He had theories. Here is one of them: “When a man is passionately fond of women, and when he has himself a wife for whom he cares but little, who is homely, cross, legitimate, with plenty of rights, perched on the code, and jealous at need, there is but one way of extricating himself from the quandry and of procuring peace, and that is to let his wife control the purse-strings. This abdication sets him free. Then his wife busies herself, grows passionately fond of handling coin, gets her fingers covered with verdigris in the process, undertakes the education of half-share tenants and the training of farmers, convokes lawyers, presides over notaries, harangues scriveners, visits limbs of the law, follows lawsuits, draws up leases, dictates contracts, feels herself the sovereign, sells, buys, regulates, promises and compromises, binds fast and annuls, yields, concedes and retrocedes, arranges, disarranges, hoards, lavishes; she commits follies, a supreme and personal delight, and that consoles her. While her husband disdains her, she has the satisfaction of ruining her husband.” This theory M. Gillenormand had himself applied, and it had become his history. His wife—the second one—had administered his fortune in such a manner that, one fine day, when M. Gillenormand found himself a widower, there remained to him just sufficient to live on, by sinking nearly the whole of it in an annuity of fifteen thousand francs, three-quarters of which would expire with him. He had not hesitated on this point, not being anxious to leave a property behind him. Besides, he had noticed that patrimonies are subject to adventures, and, for instance, become national property; he had been present at the avatars of consolidated three per cents, and he had no great faith in the Great Book of the Public Debt.
“All that’s the Rue Quincampois!” he said.
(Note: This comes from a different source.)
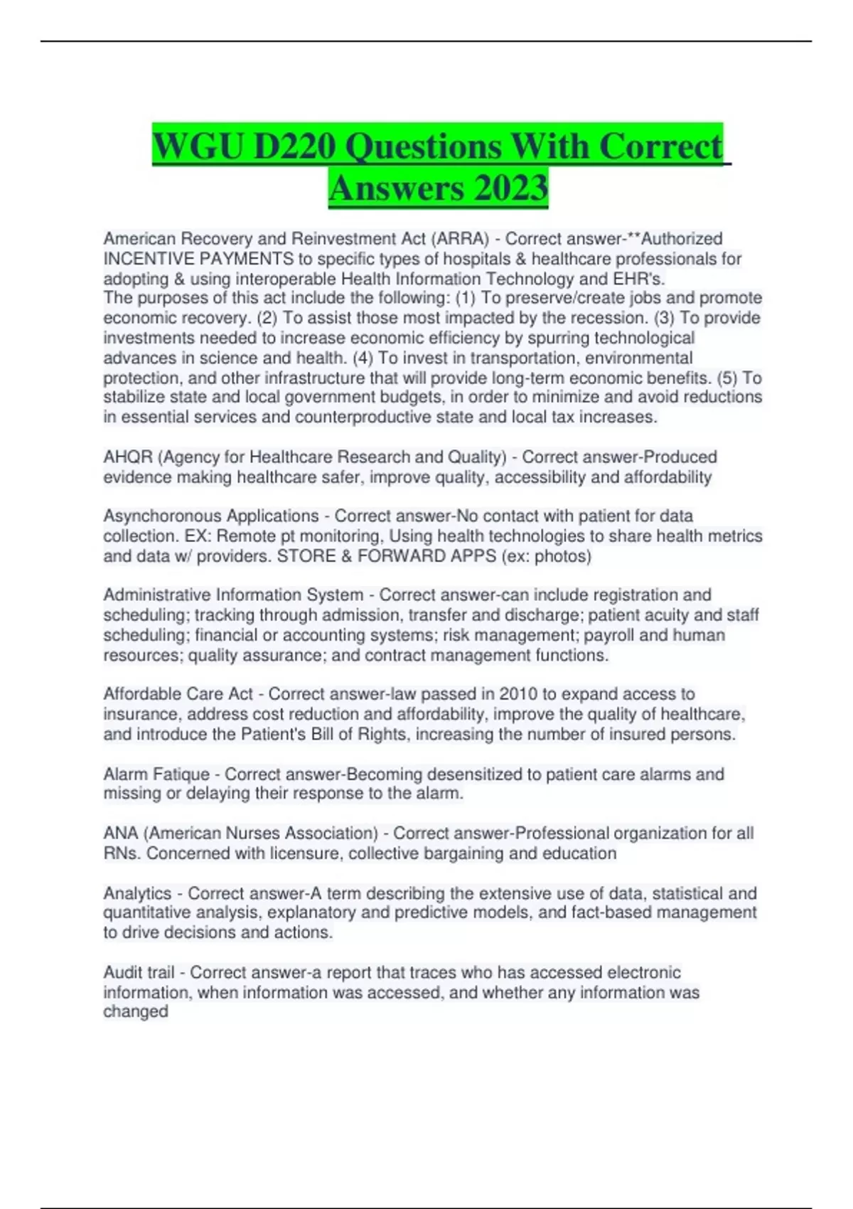 WGU D220 Questions With Correct Answers 2023

His house in the Rue Filles-du-Clavaire belonged to him, as we have already stated. He had two servants, “a male and a female.” When a servant entered his establishment, M. Gillenormand re-baptized him. He bestowed on the men the name of their province: Nimois, Comtois, Poitevin, Picard. His last valet was a big, foundered, short-winded fellow of fifty-five, who was incapable of running twenty paces; but, as he had been born at Bayonne, M. Gillenormand called him Basque. All the female servants in his house were called Nicolette (even the Magnon, of whom we shall hear more farther on). One day, a haughty cook, a cordon bleu, of the lofty race of porters, presented herself. “How much wages do you want a month?” asked M. Gillenormand. “Thirty francs.” “What is your name?” “Olympie.” “You shall have fifty francs, and you shall be called Nicolette.”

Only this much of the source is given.